13.54 a) The regression equation is: y = 67.2 – 0.0565 x
b) For every unit of increase in the value of x, the predicted value of y will decrease by -.0565. c) The t ratio for the slope is –5.50 with an associated p-value of .000. This is significant at α = .10. The t ratio negative because the slope is negative and the numerator of the t ratio formula equals the slope minus zero. d) r2 is .627 or 62.7% of the variability of y is accounted for by x. This is only a modest proportion of predictability.
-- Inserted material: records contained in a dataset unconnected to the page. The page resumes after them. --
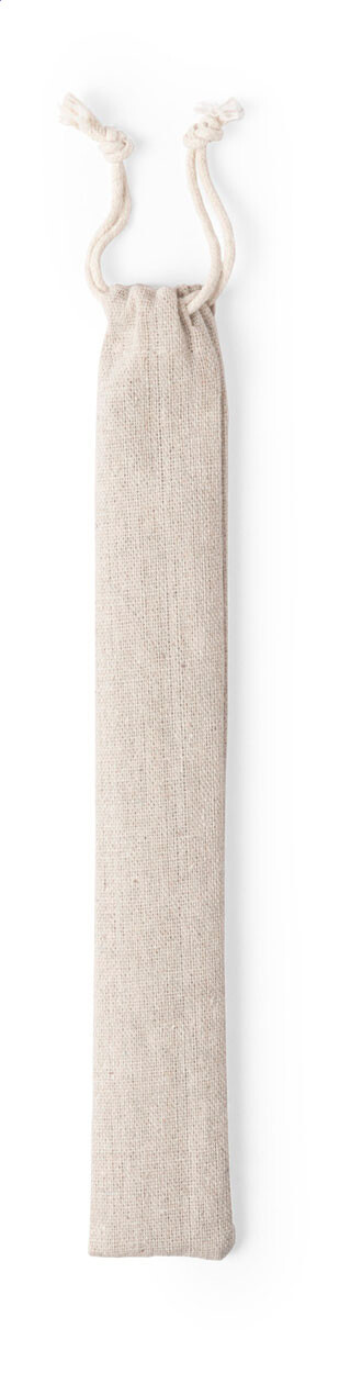Ensemble de 2 pailles en bambou naturel réutilisables et brosse de nettoyage dans une pochette en coton. Le diamètre et la surface des pailles peut varier.
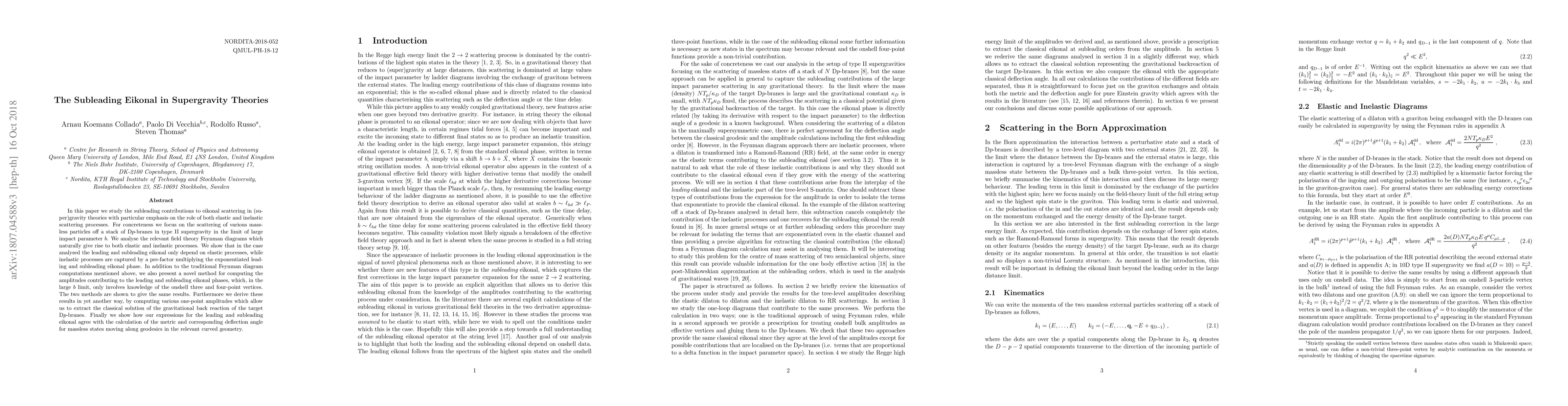 In this paper we study the subleading contributions to eikonal scattering in (super)gravity theories with particular emphasis on the role of both elastic and inelastic scattering processes. For concreteness we focus on the scattering of various massless particles off a stack of D$p$-branes in type II supergravity in the limit of large impact parameter $b$. We analyse the relevant field theory Feynman diagrams which naturally give rise to both elastic and inelastic processes. We show that in the case analysed the leading and subleading eikonal only depend on elastic processes, while inelastic processes are captured by a pre-factor multiplying the exponentiated leading and subleading eikonal phase. In addition to the traditional Feynman diagram computations mentioned above, we also present a novel method for computing the amplitudes contributing to the leading and subleading eikonal phases, which, in the large $b$ limit, only involves knowledge of the onshell three and four-point vertices. The two methods are shown to give the same results. Furthermore we derive these results in yet another way, by computing various one-point amplitudes which allow us to extract the classical solution of the gravitational back reaction of the target D$p$-branes. Finally we show how our expressions for the leading and subleading eikonal agree with the calculation of the metric and corresponding deflection angle for massless states moving along geodesics in the relevant curved geometry.
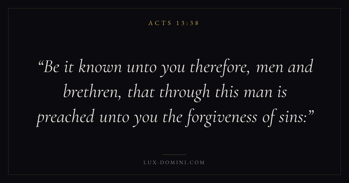 Be it known unto you therefore, men and brethren, that through this man is preached unto you the forgiveness of sins:

The standard error of the estimate is 10.32. This is best interpreted in light of the data and the magnitude of the data. e) The F value which tests the overall predictability of the model is 30.25. For simple regression analysis, this equals the value of t2 which is (-5.50)2. f) The negative is not a surprise because the slope of the regression line is also
Chapter 13: Simple Regression and Correlation Analysis 37
negative indicating an inverse relationship between x and y. In addition, taking the square root of r2 which is .627 yields .7906 which is the magnitude of the value of r considering rounding error.
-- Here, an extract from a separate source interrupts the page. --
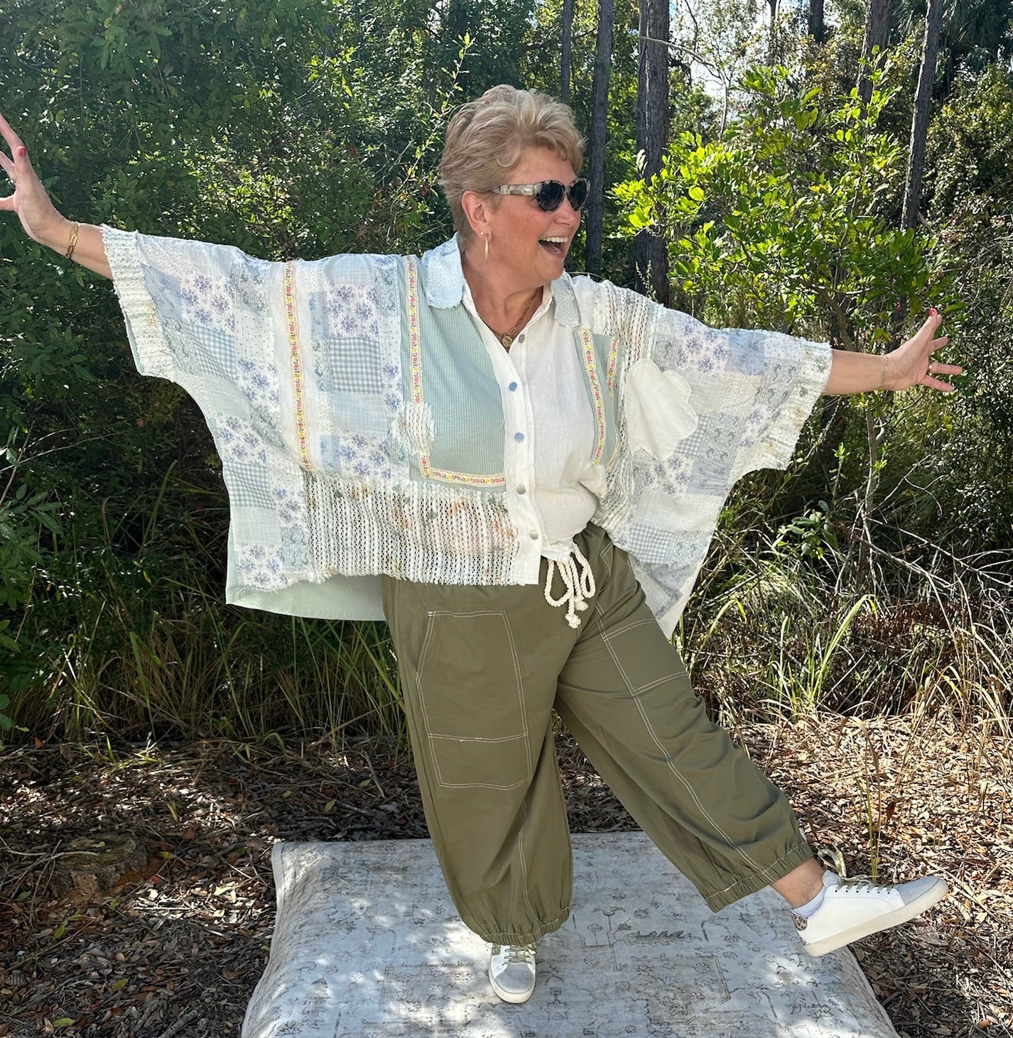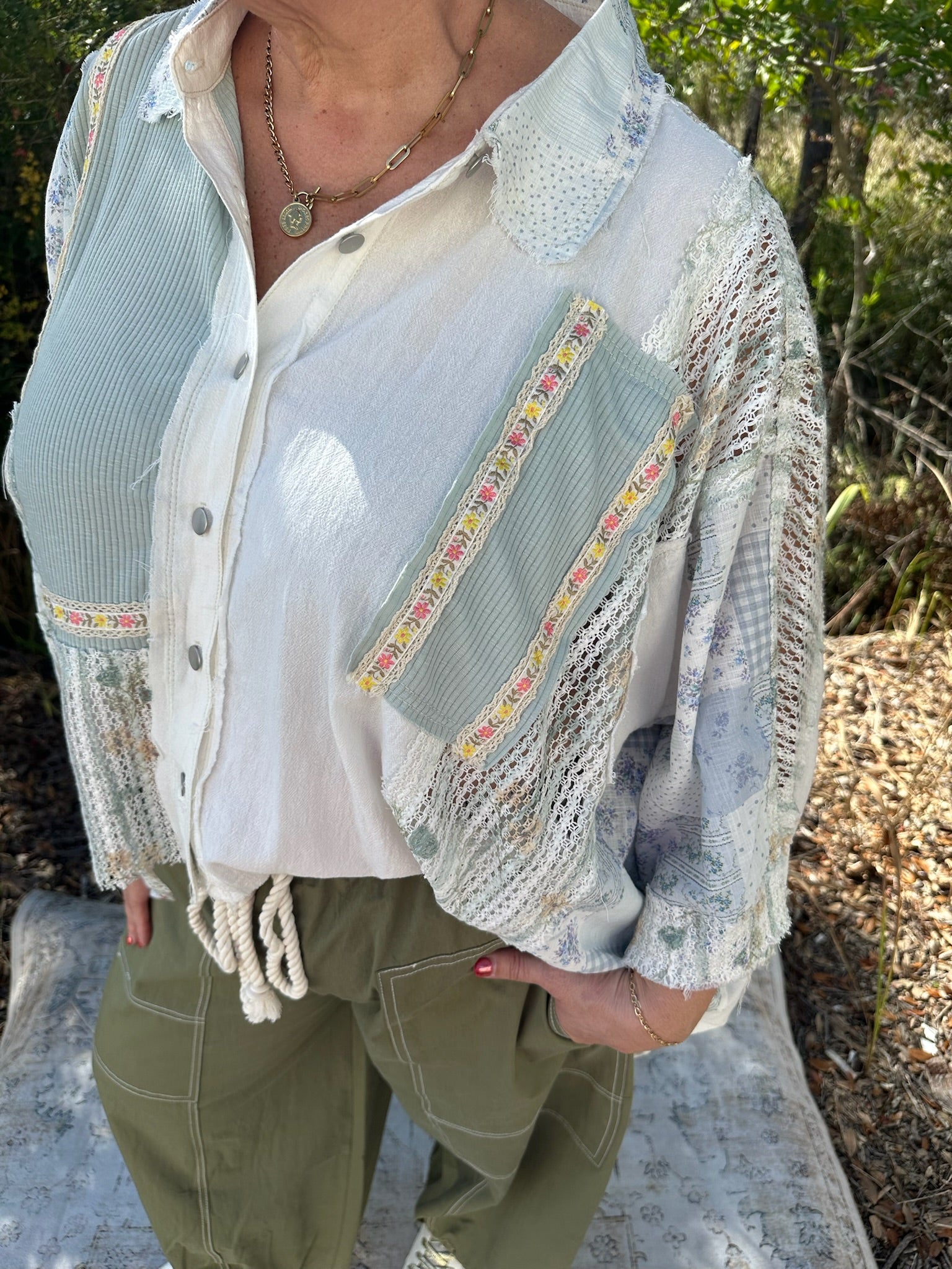 POL Gypsy Belle Blue Short Sleeve Oversized Button Down Top

13.55 The F value for overall predictability is 7.12 with an associated p-value of .0205 which is significant at α = .05. It is not significant at alpha of .01. The coefficient of determination is .372 with an adjusted r2 of .32. This represents very modest predictability. The standard error of the estimate is 982.219 which in units of 1,000 laborers means that about 68% of the predictions are within 982,219 of the actual figures. The regression model is: Number of Union Members = 22,348.97 - 0.0524 Labor Force. For a labor force of 100,000 (thousand, actually 100 million), substitute x = 100,000 and get a predicted value of 17,108.97 (thousand) which is actually 17,108,970 union members.
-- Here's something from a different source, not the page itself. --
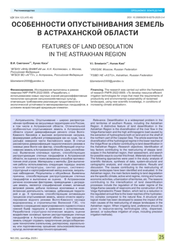 Статья: ОСОБЕННОСТИ ОПУСТЫНИВАНИЯ ЗЕМЕЛЬ В АСТРАХАНСКОЙ ОБЛАСТИ (2025)
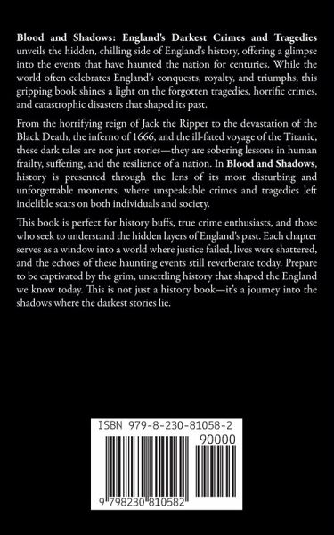 Blood and Shadows: England's Darkest Crimes and Tragedies unveils the hidden, chilling side of England's history, offering a glimpse into the events that have haunted the nation for centuries. While the world often celebrates England's conquests, royalty, and triumphs, this gripping book shines a light on the forgotten tragedies, horrific crimes, and catastrophic disasters that shaped its past. From the horrifying reign of Jack the Ripper to the devastation of the Black Death, the inferno of 1666, and the ill-fated voyage of the Titanic, these dark tales are not just stories-they are sobering lessons in human frailty, suffering, and the resilience of a nation. In Blood and Shadows, history is presented through the lens of its most disturbing and unforgettable moments, where unspeakable crimes and tragedies left indelible scars on both individuals and society. This book is perfect for history buffs, true crime enthusiasts, and those who seek to understand the hidden layers of England's past. Each chapter serves as a window into a world where justice failed, lives were shattered, and the echoes of these haunting events still reverberate today. Prepare to be captivated by the grim, unsettling history that shaped the England we know today. This is not just a history book-it's a journey into the shadows where the darkest stories lie.

13.56 The Residual Model Diagnostics from MINITAB indicate a relatively healthy set
of residuals. The Histogram indicates that the error terms are generally normally distributed. This is confirmed by the nearly straight line Normal Plot of Residuals. The I Chart indicates a relatively homogeneous set of error terms throughout the domain of x values. This is confirmed by the Residuals vs. Fits graph. This residual diagnosis indicates no assumption violations.